Check that the pm.status_path option is enabled in the PHP-FPM config – my FPM config file is /etc/php-fpm.d/rtfm.co.ua.conf:
... ; endpoint for fpm status page (use in nginx location) pm.status_path = /status ...
If it’s not enabled – add it and restart PHP-FPM:
[root@ip-10-0-3-146 ~]# systemctl restart php-fpm.service
Add a separate virtual host in NGINX, file /etc/nginx/conf.d/fpm-status.conf, allowing access only from localhost in allow:
server {
listen 127.0.0.1:8081;
server_name localhost;
# fpm status page - local only
location = /fpm-status {
allow 127.0.0.1;
deny all;
include fastcgi_params;
fastcgi_pass unix:/var/run/rtfm.co.ua-php-fpm.sock;
fastcgi_param SCRIPT_FILENAME $document_root$fastcgi_script_name;
}
}
Reload NGINX with nginx -t && systemctl reload nginx and verify the endpoint:
[root@ip-10-0-3-146 ~]# curl http://localhost:8081/fpm-status pool: rtfm.co.ua process manager: dynamic start time: 16/Mar/2026:16:22:30 +0200 start since: 653 accepted conn: 218 listen queue: 0 max listen queue: 0 listen queue len: 0 idle processes: 2 active processes: 1 total processes: 3 max active processes: 3 max children reached: 0 slow requests: 0 memory peak: 40792064
PHP-FPM uses a Unix socket – so we mount it into the container and pass a URI with unix://:
php_fpm_exporter_rtfm:
image: hipages/php-fpm_exporter:latest
container_name: php_fpm_exporter
restart: unless-stopped
network_mode: host
volumes:
- /var/run/rtfm.co.ua-php-fpm.sock:/var/run/rtfm.co.ua-php-fpm.sock
environment:
- PHP_FPM_SCRAPE_URI=unix:///var/run/rtfm.co.ua-php-fpm.sock;/fpm-status
- PHP_FPM_FIX_PROCESS_COUNT=true
Restart the stack and verify metrics from the exporter:
[root@ip-10-0-3-146 ~]# curl -s http://localhost:9253/metrics | grep phpfpm_up
# HELP phpfpm_up Could PHP-FPM be reached?
# TYPE phpfpm_up gauge
phpfpm_up{pool="rtfm.co.ua",scrape_uri="unix:///var/run/rtfm.co.ua-php-fpm.sock;/fpm-status"} 1
Add a new scrape job to vmagent:
- job_name: "php_fpm_exporter_rtfm"
static_configs:
- targets:
- "10.100.0.20:9253"
Restart vmagent and verify metrics in VictoriaMetrics:
AWS monitoring with YACE Exporter
For AWS metrics we’ll use yet-another-cloudwatch-exporter (YACE) – it pulls metrics from CloudWatch and exposes them in Prometheus format. I wrote about it in more detail in Prometheus: yet-another-cloudwatch-exporter – collecting AWS CloudWatch metrics, and still use it on work projects.
Metrics documentation:
Creating an IAM Policy for YACE
The EC2 already has an IAM Role – I created an Instance Profile when setting up AWS: ALB and Cloudflare – configuring mTLS and AWS Security Rules.

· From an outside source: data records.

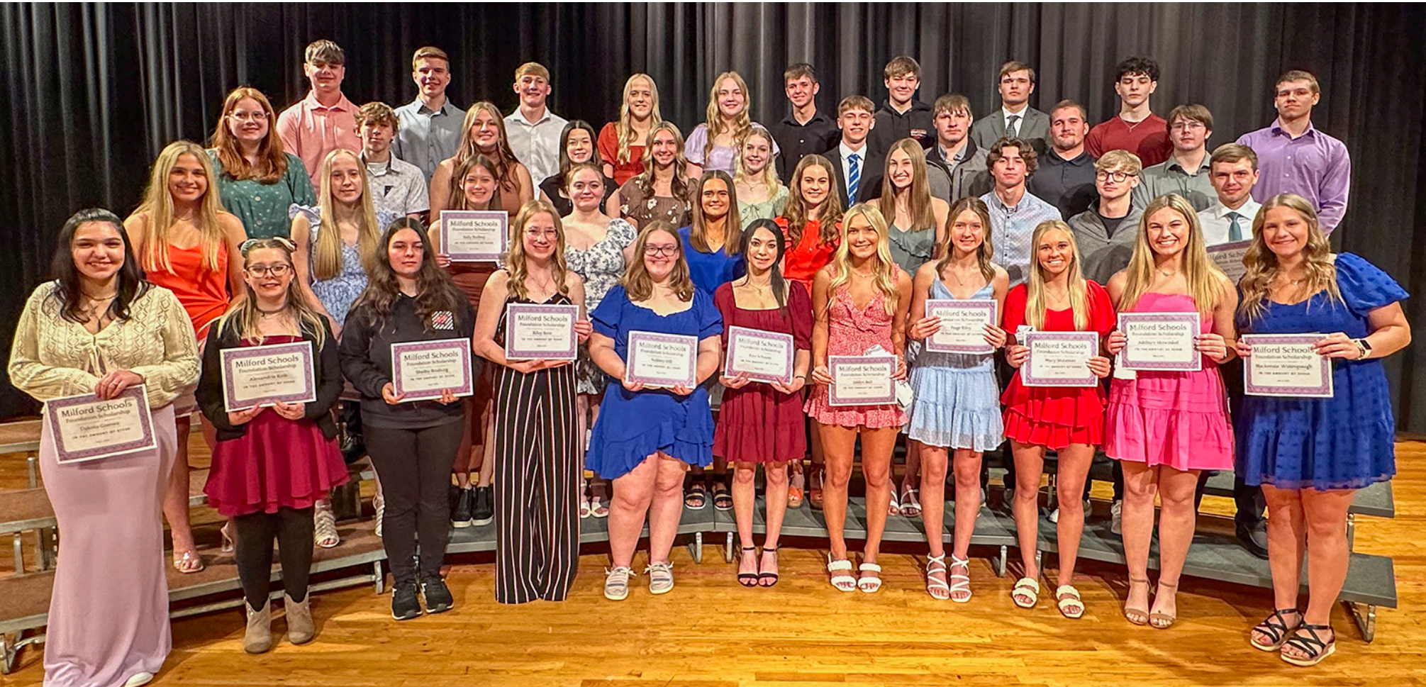
Milford High seniors received scholarships during honors night May 6.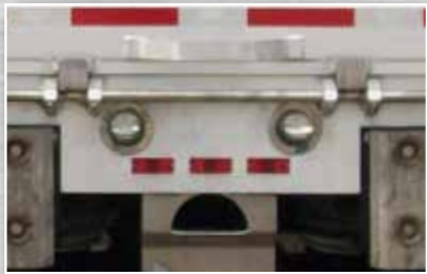
Back Up Lights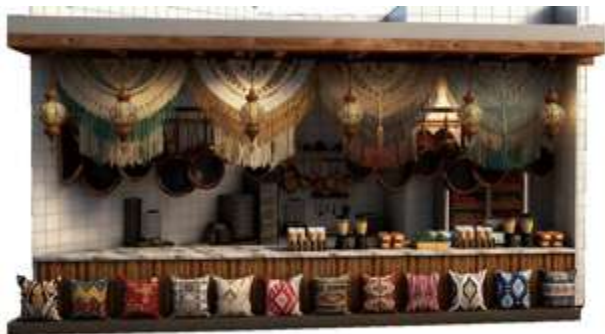
■ No. 019 ■ Area: 18m 2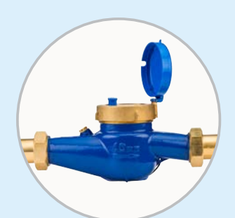
HC Flow Meter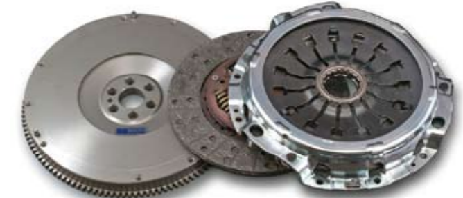
Metal disc KIT ■26000-RB2-61N

RB26DETT Ultra Light Weight Chrome-molly Flywheel & Clutch KIT Set price 102,000 yen (Sports disc) / 105,000 yen (Metallic disc)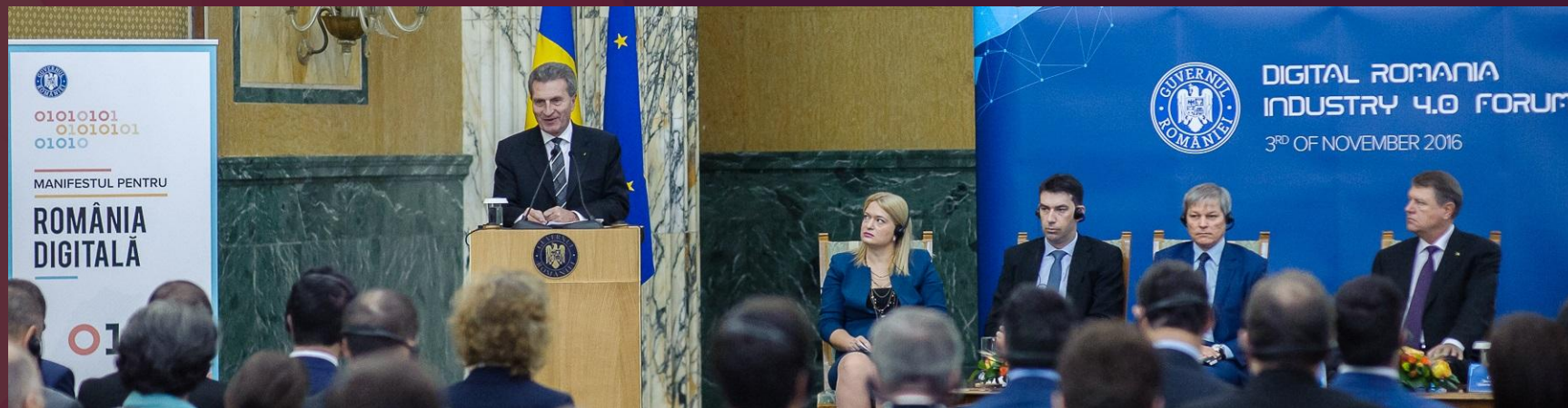
The opening of the first edition of the Digital Romania International Forum -- Industry 4.0. Pictured from left to right: European Commissioner Gunther Oettinger, Minister Delia Popescu, Minister Dragos Tudorache, Prime Minister Dacian Ciolos, and President Klaus Iohannis

Background: The first edition of the Digital Romania International Forum was organized under the auspices of the Romanian Government in 2016. The Forum was keynoted by Klaus Iohannis , President of Romania; Dacian Ciolos , Prime Minister of Romania; and Gunther Oettinger , European Commissioner for Digital Economy and Society. Over 300 CEOs from automotive, IT&C, and agriculture attended.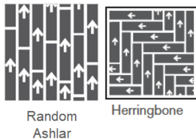
Plank Installation Methods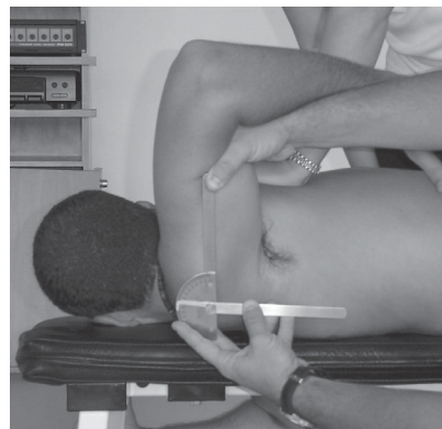
Fig. 3 – Final position

The experimental protocol followed the following stages: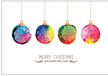
Xmas (New) 聖誕快樂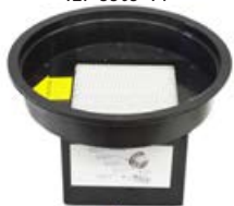
Polyester Prefilter 128-7504-14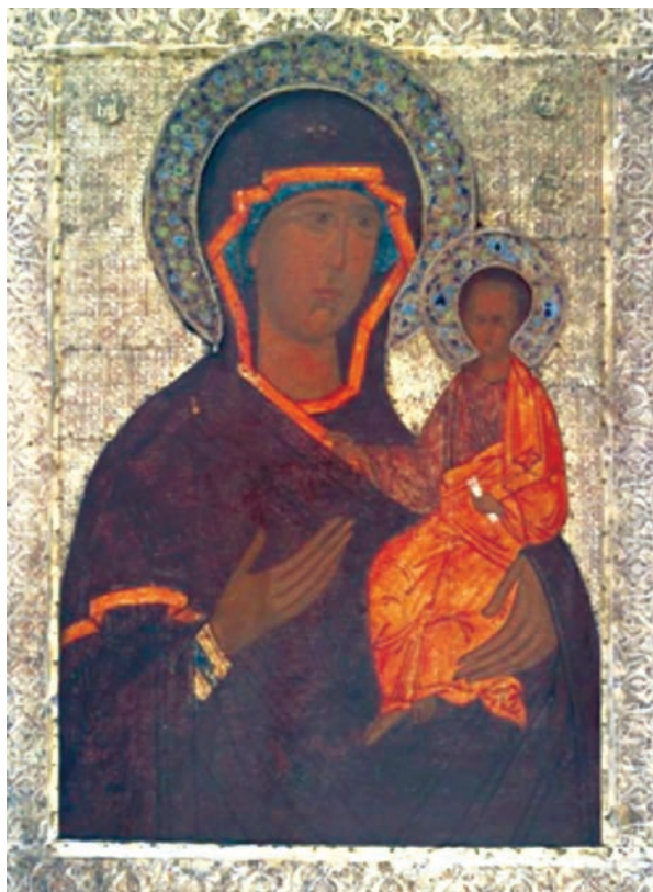
Figure 11. Mother of God Hodegetria. 16th century. 74 cm x 52 cm. BM 94.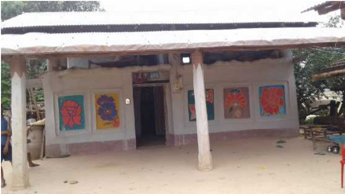
Photograph 2: A house with traditional paintings in Tapa, Ghodaghodi Municipality 11

Photograph 2 Presents a house with traditional paintings in the Kathariya speech community.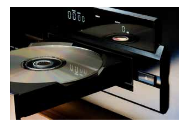
(A) a DVD player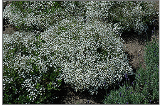
Summer Sparkles Baby's Breath in bloom

This plant should only be grown in full sunlight. It prefers dry to average moisture levels with very well-drained soil, and will often die in standing water. It is considered to be drought-tolerant, and thus makes an ideal choice for a low-water garden or xeriscape application. It is not particular as to soil type, but has a definite preference for alkaline soils, and is able to handle environmental salt. It is highly tolerant of urban pollution and will even thrive in inner city environments. This is a selected variety of a species not originally from North America.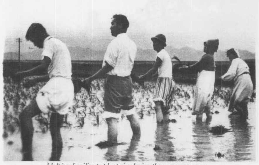
Helping families to plant rice during the summer season.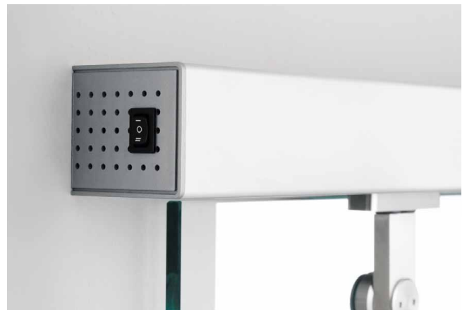
1 CS 80 MAGNEO with locking device in DORMA matt stainless steel design.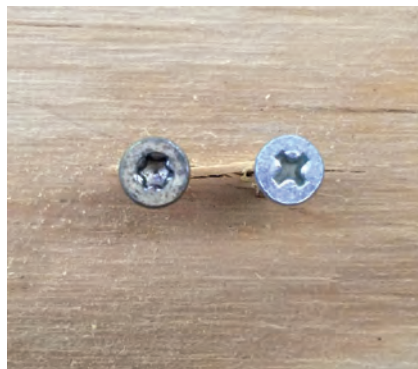
Figure 6 – The head patterns of two screws. The screw on the right accommodates the more common Phillips head bit (the “+” pattern) while the screw on the left accommodates a star bit.

The surface of the screw’s head contains a shaped groove or slot (the “female” end) that is made to accommodate a bit or tip (the “male” end) of a screwdriver or drill. Common screw types include the Phillips head, or cross-point (the traditional “+”-shaped groove, see Figure 6), and the regular head that contains a straight groove (the “-”-shaped groove, sometimes called “slot” or “flathead” screws). I used these types of screws all of my life until I met the star head screw (Figure 6). This screw head has a six-pointed groove that is the best screw type I have ever used. In my experience, the Phillips screws strip easily, especially when one does not use the exact bit needed to drive the screw. “Stripping” happens when the bit is not pushed firmly into the grooves in the screw head or it does not fit together appropriately. Pulling the drill trigger causes the bit to spin loosely in the screw head, thus grinding away the grooves in the screw’s head. Once the screw’s grooves are gone, the bit will not have anything to catch in the screw’s head. This makes the screw impossible to drive into the wood since the drill bit turns freely in the head rather than properly mating with the screw head and pushing it further into the wood. I have never had this problem with star bits. Furthermore, every box of star bit screws I have purchased has come with a bit in the box, thus ensuring that you get the right bit for the job. I will never use a Phillips or slot screw again.

We need to add an IAM Policy for YACE to this role, granting access to CloudWatch and iam:ListAccountAliases – to display the account name instead of the numeric ID in metrics:
{
"Version": "2012-10-17",
"Statement": [
{
"Effect": "Allow",
"Action": [
"cloudwatch:GetMetricData",
"cloudwatch:GetMetricStatistics",
"cloudwatch:ListMetrics",
"tag:GetResources",
"iam:ListAccountAliases"
],
"Resource": "*"
}
]
}
Save the Policy:
Attach it to the EC2 instance’s IAM Role:
Verify that the EC2 has CloudWatch access – SSH in and run an AWS CLI query to CloudWatch:
[root@ip-10-0-3-146 ~]# aws cloudwatch list-metrics --namespace AWS/ApplicationELB --region eu-west-1
{
"Metrics": [
{
"Namespace": "AWS/ApplicationELB",
"MetricName": "HTTPCode_Target_3XX_Count",
"Dimensions": [
{
"Name": "TargetGroup",
"Value": "targetgroup/rtfm-tg/66df64e645b2b01d"
},
{
"Name": "LoadBalancer",
"Value": "app/rtfm-alb/cd76dd0d557838f8"
}
]
},
...
YACE configuration
Create the config /opt/monitoring/yace-config.yml. In exportedTagsOnMetrics specify which AWS tags to add to metrics – this lets you display a name instead of an ARN in Grafana and alerts.
CloudWatch metric collection costs money, so here we only take what’s genuinely useful:
apiVersion: v1alpha1
discovery:
exportedTagsOnMetrics:
AWS/ApplicationELB:
- Name
AWS/RDS:
- Name
jobs:
- type: AWS/ApplicationELB
regions:
- eu-west-1
period: 300
length: 300
metrics:
- name: HTTPCode_ELB_5XX_Count
statistics:
- Sum
nilToZero: true
- name: ActiveConnectionCount
statistics:
- Sum
nilToZero: true
- type: AWS/RDS
regions:
- eu-west-1
period: 300
length: 300
metrics:
- name: CPUUtilization
statistics:
- Average
nilToZero: true
Add YACE to the Docker Compose file:
yace_exporter:
image: quay.io/prometheuscommunity/yet-another-cloudwatch-exporter:latest
container_name: yace
restart: unless-stopped
network_mode: host
volumes:
- /opt/monitoring/yace-config.yml:/tmp/config.yml:ro
command:
- '--config.file=/tmp/config.yml'
Restart the stack and verify metrics:
[root@ip-10-0-3-146 ~]# curl -s http://127.0.0.1:5000/metrics | grep aws_
# HELP aws_applicationelb_active_connection_count_sum Help is not implemented yet.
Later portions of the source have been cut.